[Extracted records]
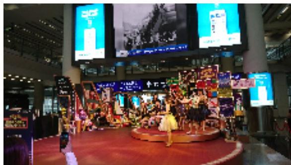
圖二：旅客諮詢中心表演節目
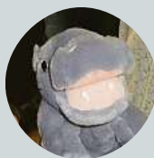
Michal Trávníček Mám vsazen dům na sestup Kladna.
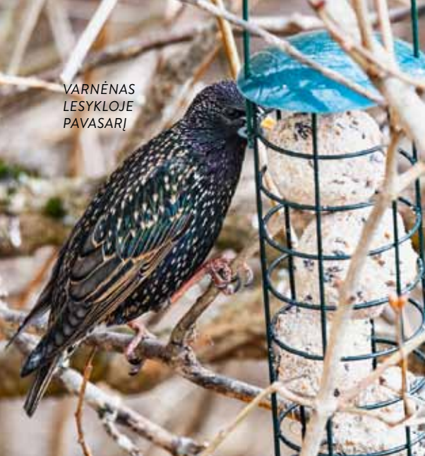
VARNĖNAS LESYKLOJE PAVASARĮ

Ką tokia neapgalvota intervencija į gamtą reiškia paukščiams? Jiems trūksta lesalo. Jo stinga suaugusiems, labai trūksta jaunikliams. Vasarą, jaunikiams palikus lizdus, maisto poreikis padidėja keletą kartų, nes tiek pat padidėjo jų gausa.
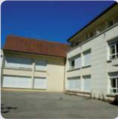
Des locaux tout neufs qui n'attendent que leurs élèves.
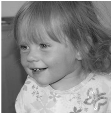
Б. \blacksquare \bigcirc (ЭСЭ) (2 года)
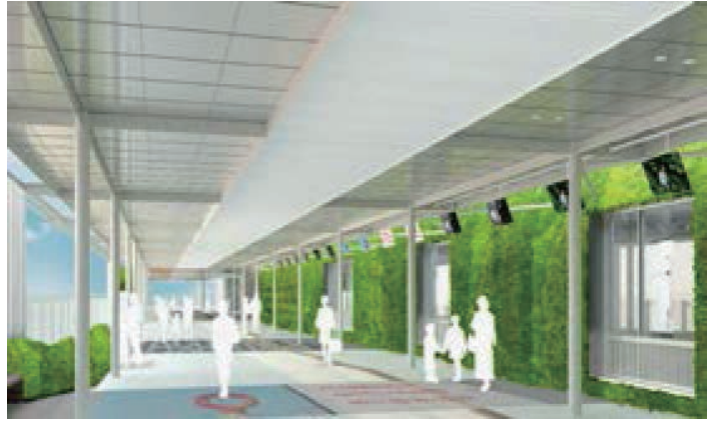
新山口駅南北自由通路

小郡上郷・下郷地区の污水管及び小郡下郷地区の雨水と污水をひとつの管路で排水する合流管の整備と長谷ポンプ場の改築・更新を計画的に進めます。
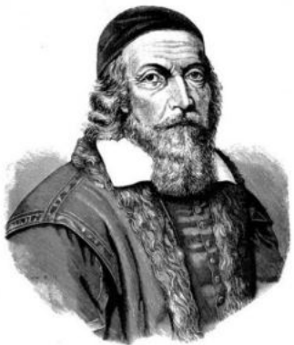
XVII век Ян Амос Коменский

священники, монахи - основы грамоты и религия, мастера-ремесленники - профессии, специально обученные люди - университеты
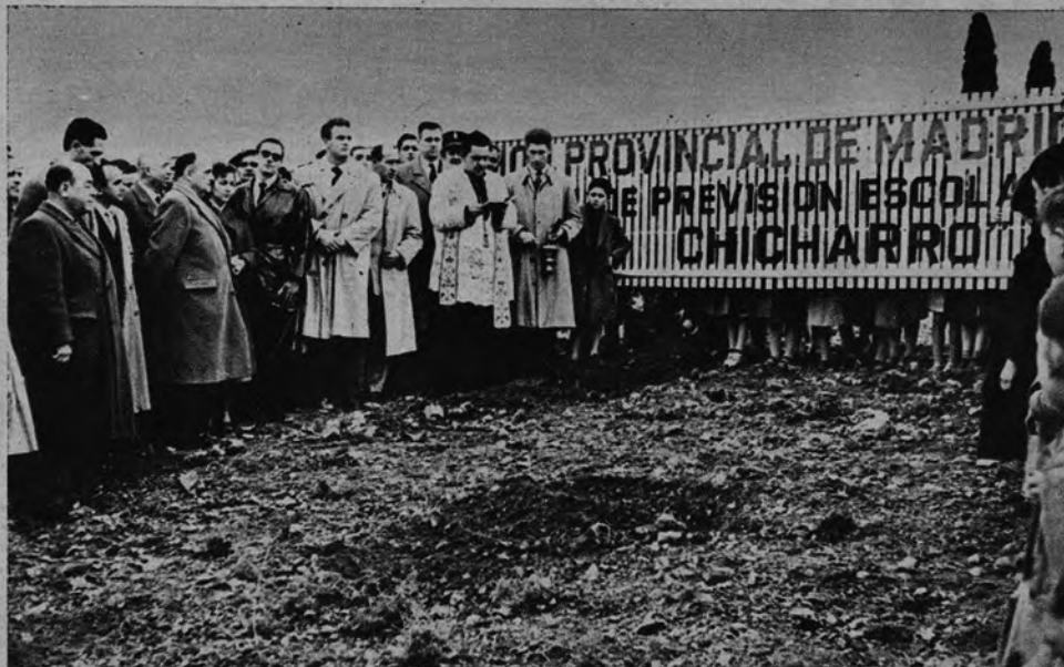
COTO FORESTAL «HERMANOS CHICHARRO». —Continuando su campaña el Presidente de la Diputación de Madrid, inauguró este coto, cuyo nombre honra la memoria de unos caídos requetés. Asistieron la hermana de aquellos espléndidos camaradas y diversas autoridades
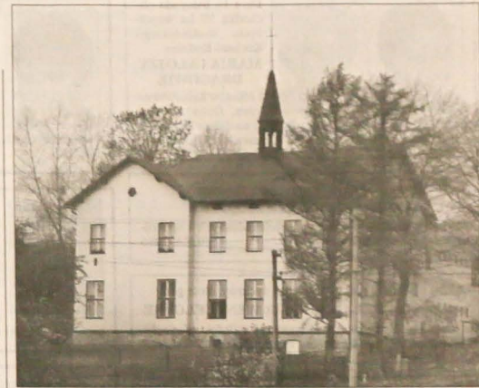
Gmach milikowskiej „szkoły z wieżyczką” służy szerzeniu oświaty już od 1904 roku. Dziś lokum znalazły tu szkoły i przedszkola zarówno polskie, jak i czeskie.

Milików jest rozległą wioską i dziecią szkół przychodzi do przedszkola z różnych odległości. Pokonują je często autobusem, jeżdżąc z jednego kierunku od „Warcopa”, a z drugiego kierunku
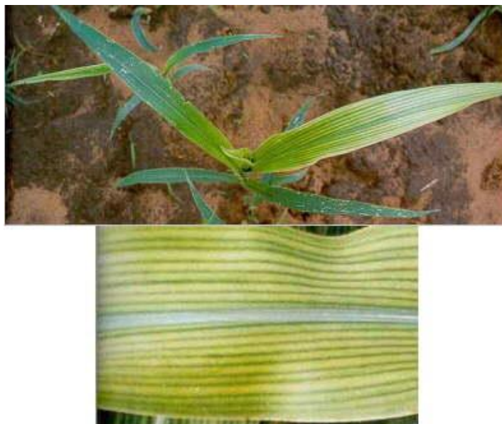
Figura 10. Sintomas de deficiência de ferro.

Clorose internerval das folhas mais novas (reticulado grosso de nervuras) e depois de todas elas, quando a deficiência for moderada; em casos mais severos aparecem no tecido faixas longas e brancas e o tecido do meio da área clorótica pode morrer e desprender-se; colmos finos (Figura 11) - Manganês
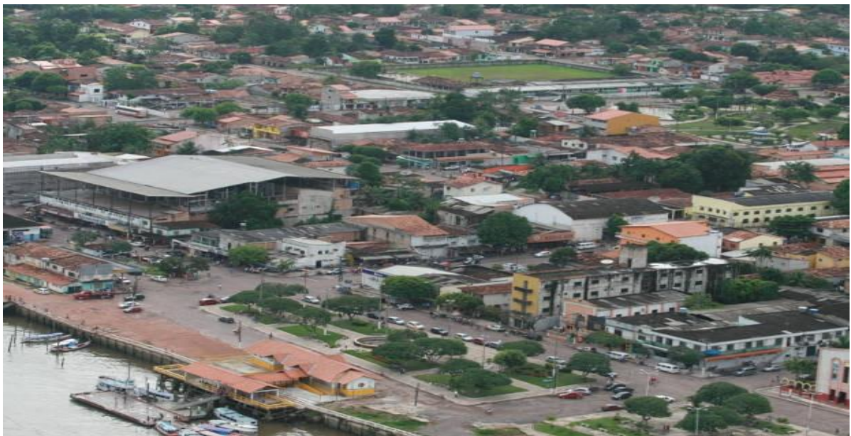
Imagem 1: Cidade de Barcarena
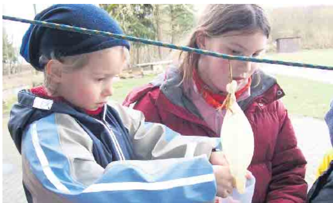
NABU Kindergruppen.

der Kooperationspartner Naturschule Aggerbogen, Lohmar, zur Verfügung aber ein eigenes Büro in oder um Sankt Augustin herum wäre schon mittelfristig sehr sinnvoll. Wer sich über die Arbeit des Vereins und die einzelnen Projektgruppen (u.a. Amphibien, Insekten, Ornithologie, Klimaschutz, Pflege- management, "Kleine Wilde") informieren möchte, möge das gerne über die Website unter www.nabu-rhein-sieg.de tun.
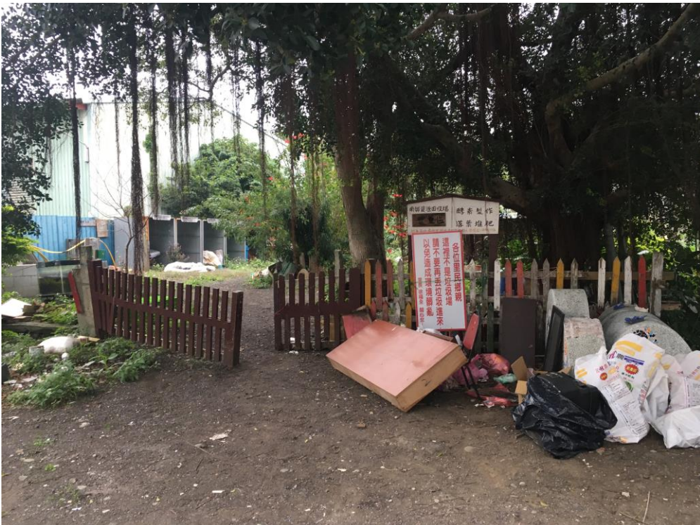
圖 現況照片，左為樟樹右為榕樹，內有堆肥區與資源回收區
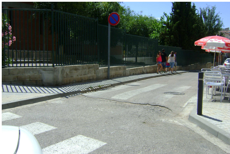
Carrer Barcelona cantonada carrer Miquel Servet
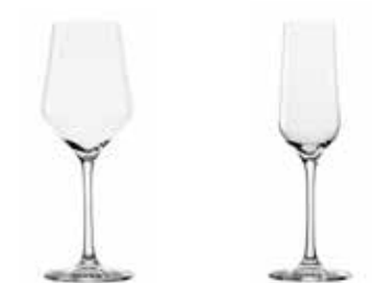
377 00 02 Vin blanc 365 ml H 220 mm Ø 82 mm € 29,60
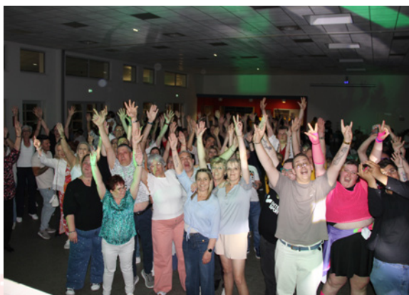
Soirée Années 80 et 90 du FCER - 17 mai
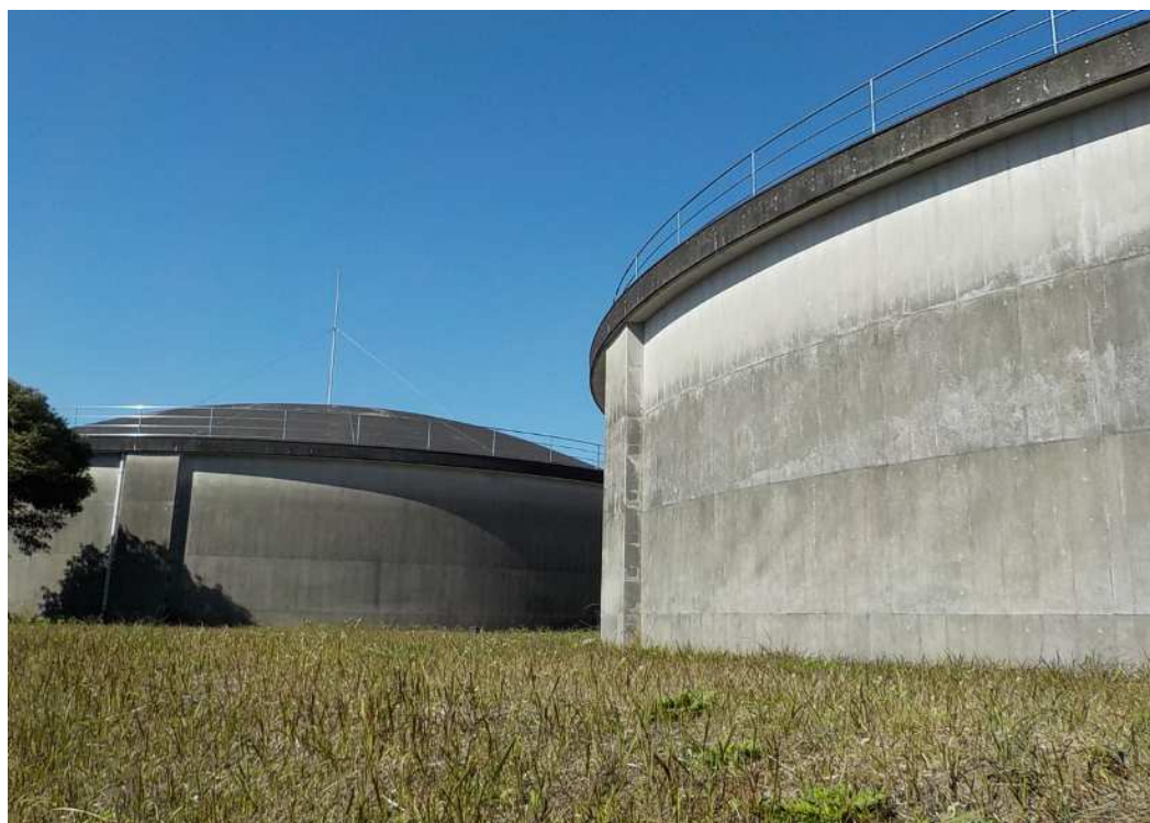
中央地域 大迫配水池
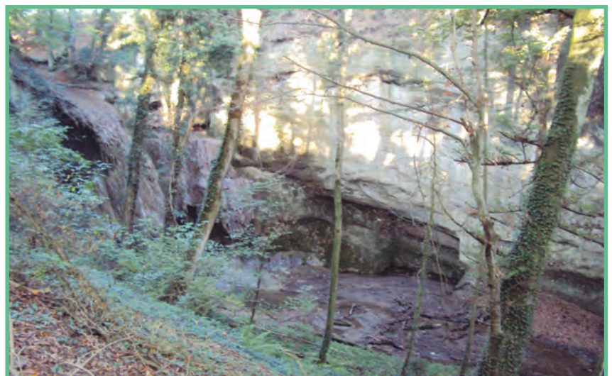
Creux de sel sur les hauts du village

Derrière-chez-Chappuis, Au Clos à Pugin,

Task prompt:
Pictures do not belong in the copy. Repeat only the lines from the top of the records through the line containing "священники, монахи - основы".

Result of this exercise:
圖二：旅客諮詢中心表演節目
Michal Trávníček Mám vsazen dům na sestup Kladna.
VARNĖNAS LESYKLOJE PAVASARĮ

Ką tokia neapgalvota intervencija į gamtą reiškia paukščiams? Jiems trūksta lesalo. Jo stinga suaugusiems, labai trūksta jaunikliams. Vasarą, jaunikiams palikus lizdus, maisto poreikis padidėja keletą kartų, nes tiek pat padidėjo jų gausa.
Des locaux tout neufs qui n'attendent que leurs élèves.
Б. \blacksquare \bigcirc (ЭСЭ) (2 года)
新山口駅南北自由通路

小郡上郷・下郷地区の污水管及び小郡下郷地区の雨水と污水をひとつの管路で排水する合流管の整備と長谷ポンプ場の改築・更新を計画的に進めます。
XVII век Ян Амос Коменский

священники, монахи - основы грамоты и религия, мастера-ремесленники - профессии, специально обученные люди - университеты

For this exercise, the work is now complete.